For people that don't understand our industry at all, I tell them I run an advertising firm (West Cary Group) in Richmond, Virginia. They've at least heard of advertising agencies, even if they don't understand exactly what they do.
For people who are familiar with the business, I say I run an integrated communications firm -- which universally makes them frown and demand more detail. Sometimes I give it to them.
But for the die-hard modern-day marketers -- the new-media faithful if you will -- I tell them I run a content shop. The new-media people get it right away. They know that to market products and services these days, a client may request from us a blog, a web video, a text-message campaign or a widget. And we don't miss a beat. The chief creative officer of my shop and I were doing that long before there was a market for it. Back then we thought we were just strange. Now we're in favor.
There's a lot of power in being able to create content. A friend of mine, Rick Boyko -- managing director of the Brandcenter at Virginia Commonwealth University -- says advertising is popular culture. And he's right. The content we as marketers and advertisers create changes views, builds allegiances, and shapes perceptions on everything from education to finance to the candidates for president of the United States.
Now the stakes for content creation are getting higher and the lines of demarcation are starting to blur. There used to be two major types of content -- publishers' (magazines, television shows, radio programs), and the shorter form of content that intermediated or bookended it (i.e., advertisements). Another way to look at it is there used to be content that was typically believed (publisher content) and content that consistently had to punch through an exoskeleton of skepticism (advertising).
But now it's all converging.
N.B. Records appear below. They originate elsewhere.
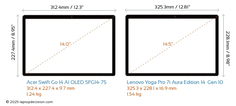 USBAmbos Swift Go 14 AI OLED SFG14-75 y Yoga Pro 7i Aura Edition 14 Gen 10 cuentan con 2x USB 3.2 puertos USB-A.Ambos Swift Go 14 AI OLED SFG14-75 y Yoga Pro 7i Aura Edition 14 Gen 10 cuentan con 2x USB 4.0 puertos USB Type-C.
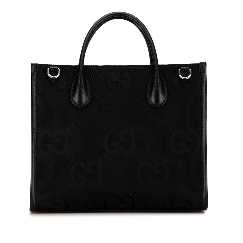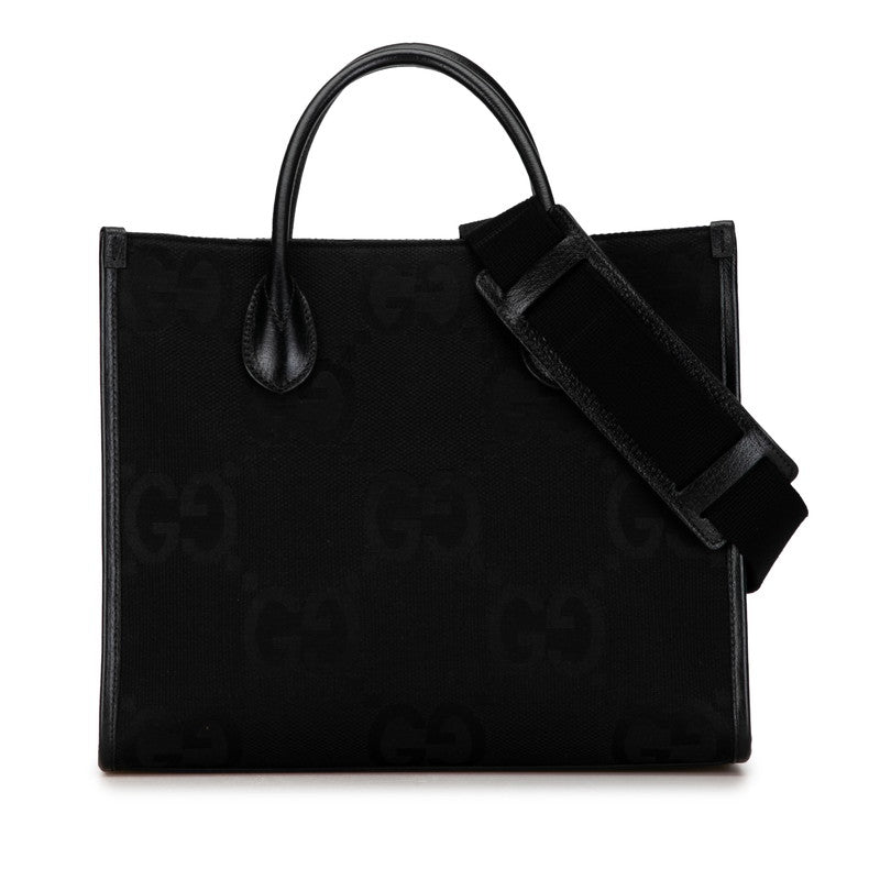 グッチ ジャンボGG トートバッグ ショルダーバッグ 2WAY 680956 ブラック キャンバス レザー レディース GUCCI 【中古】
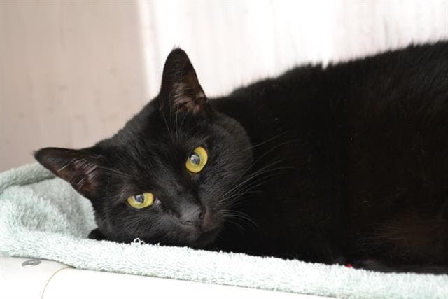 Sex, Breed: Spayed female, black Domestic Shorthair.
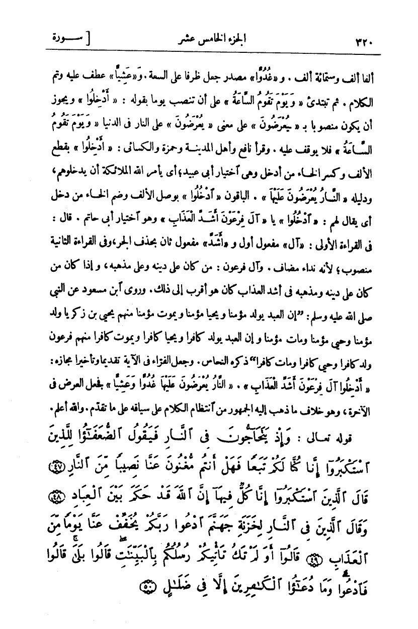وَإِذْ يَتَحاجُّونَ فِي النَّارِ فَيَقُولُ الضُّعَفاءُ لِلَّذِينَ اسْتَكْبَرُوا إِنَّا كُنَّا لَكُمْ تَبَعاً فَهَلْ أَنْتُمْ مُغْنُونَ عَنَّا نَصِيباً مِنَ النَّارِ (٤٧) قالَ الَّذِينَ اسْتَكْبَرُوا إِنَّا كُلٌّ فِيها إِنَّ اللَّهَ قَدْ حَكَمَ بَيْنَ الْعِبادِ (٤٨) وَقالَ الَّذِينَ فِي النَّارِ لِخَزَنَةِ جَهَنَّمَ ادْعُوا رَبَّكُمْ يُخَفِّفْ عَنَّا يَوْماً مِنَ الْعَذابِ (٤٩) قالُوا أَوَلَمْ تَكُ تَأْتِيكُمْ رُسُلُكُمْ بِالْبَيِّناتِ قالُوا بَلى قالُوا فَادْعُوا وَما دُعاءُ الْكافِرِينَ إِلاَّ فِي ضَلالٍ (٥٠)
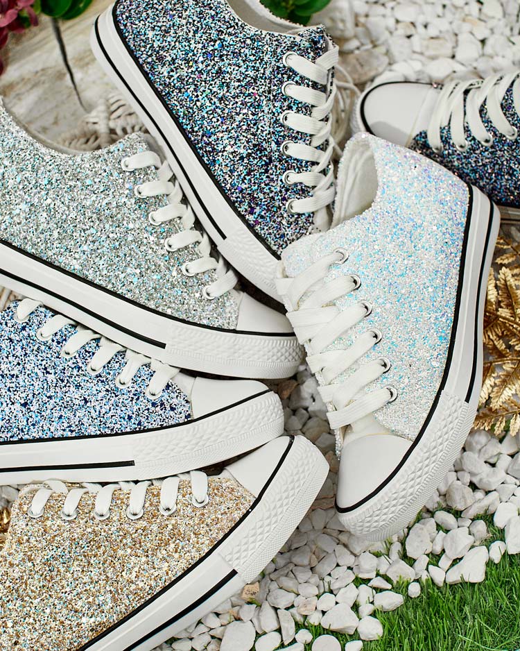 - Ženske superge s pokrito peto, izdelane iz tkanine. Model odlikujejo okrašeni bleščice in zgornji del z vezalkami. Odlične bodo za vsakodnevno nošenje!
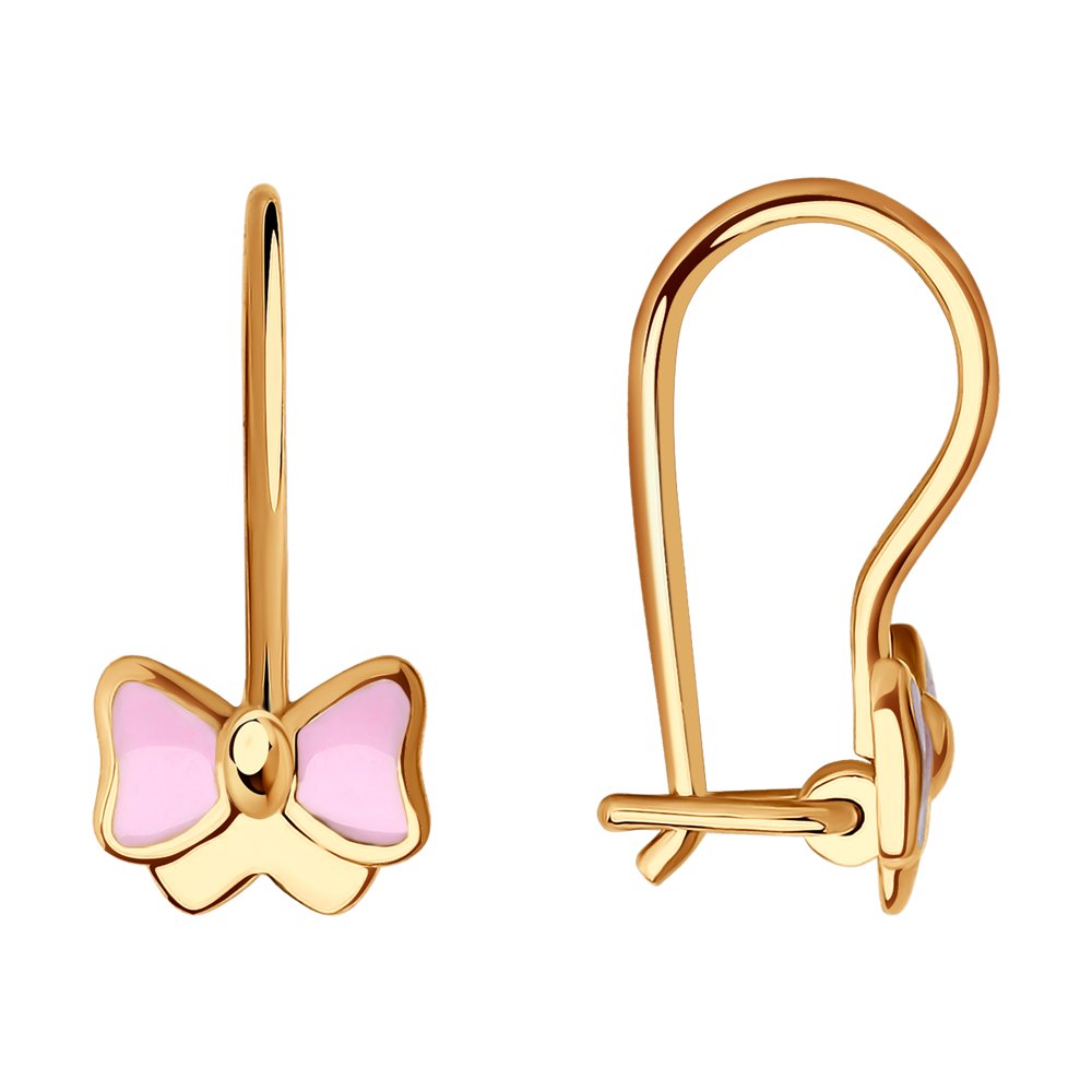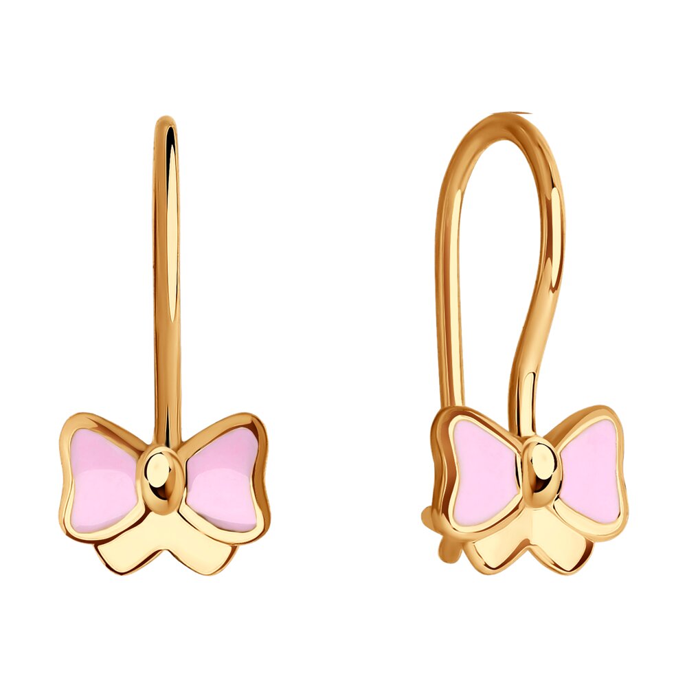 Серьги «Бантики» из красного золота 585 пробы с эмалью
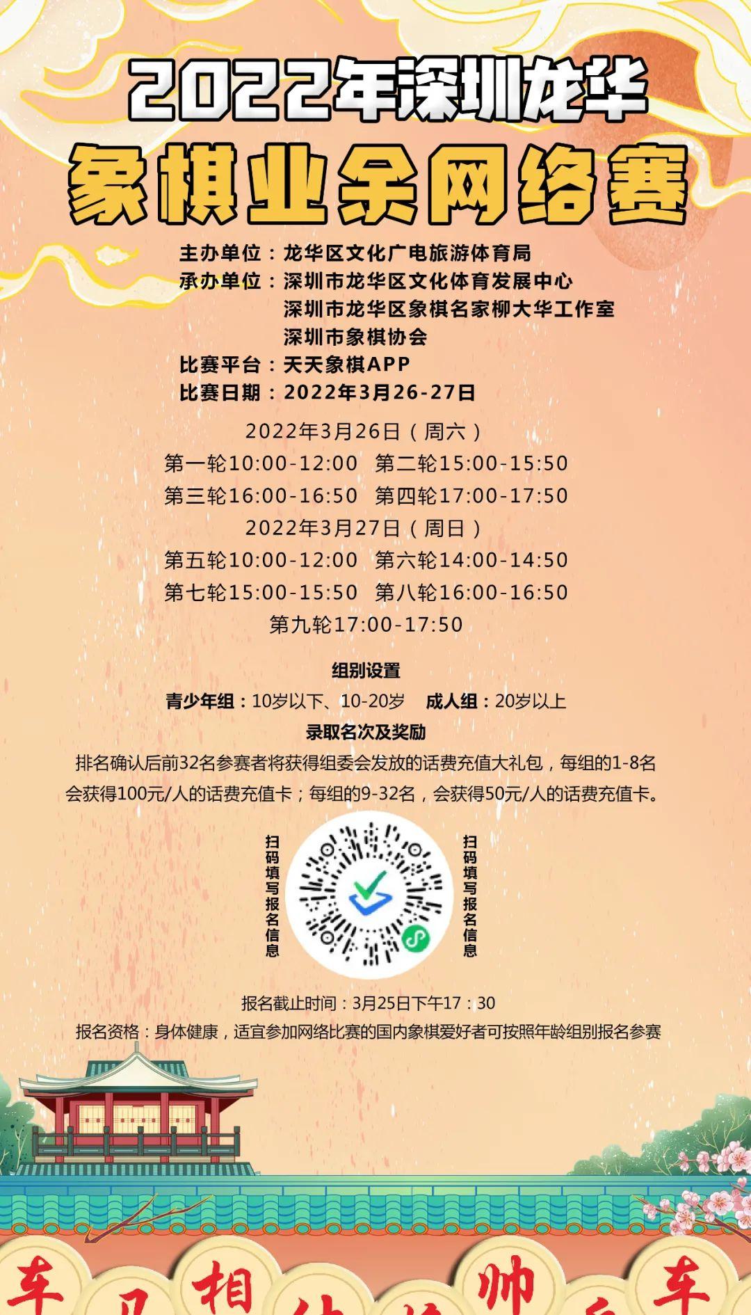 进一步丰富我市广大市民的业余生活,继承和发扬中华民族的优良文化传统,正确引导市民的思想政治文化,提高文化修养和道德素质,增进友谊、建设和谐深圳,现组织开展2022年龙华区线上运动月系列活动之象棋业余网络赛。

We the marketers are also becoming the news publishers, the film producers, the Hollywood writers. The content is becoming longer form and organic. And it's being consumed as much for its ability to educate, inform and entertain as it is for its ability to sell.
So, we've covered content and power -- what about diversity?
Well, for the first time in history, Blacks and other minority groups have unprecedented access in a content movement. We can blog even if our fathers can't get us a job at a hotshot Madison Avenue agency because they don't play golf with the CEO. We can text message our circle of friends even if the media buyer says we don't meet the psychographic profile. And we can start a revolution with alternative news coverage on our websites, even if the banks won't give us a loan for a printing press.
So am I excited about the possibilities? Well, the content landscape is being restructured from beginning to end -- as a marketer and content creator, of course I'm happy. Well, I'm a black marketer. So let me rephrase that. I'm conditionally happy.
I'm happy on the condition that we actively participate in the restructuring. This one's too important, and too attainable to let it pass us by. Everyone who reads this blog can lend a hand in making that happen.
And secondly, I'm happy on the condition that as the potential for our content expands beyond 30 seconds, we not only accept the job, but also the responsibility. That doesn't mean that every piece of content must be a social statement. But as a general rule of thumb, rather than regressing to the mean of stereotypes, denigration and insensitivity that we've seen and occasionally participated in for years, let's use the opportunity we have before us to create content that challenges, uplifts and enlightens. In other words, let's create content that matters.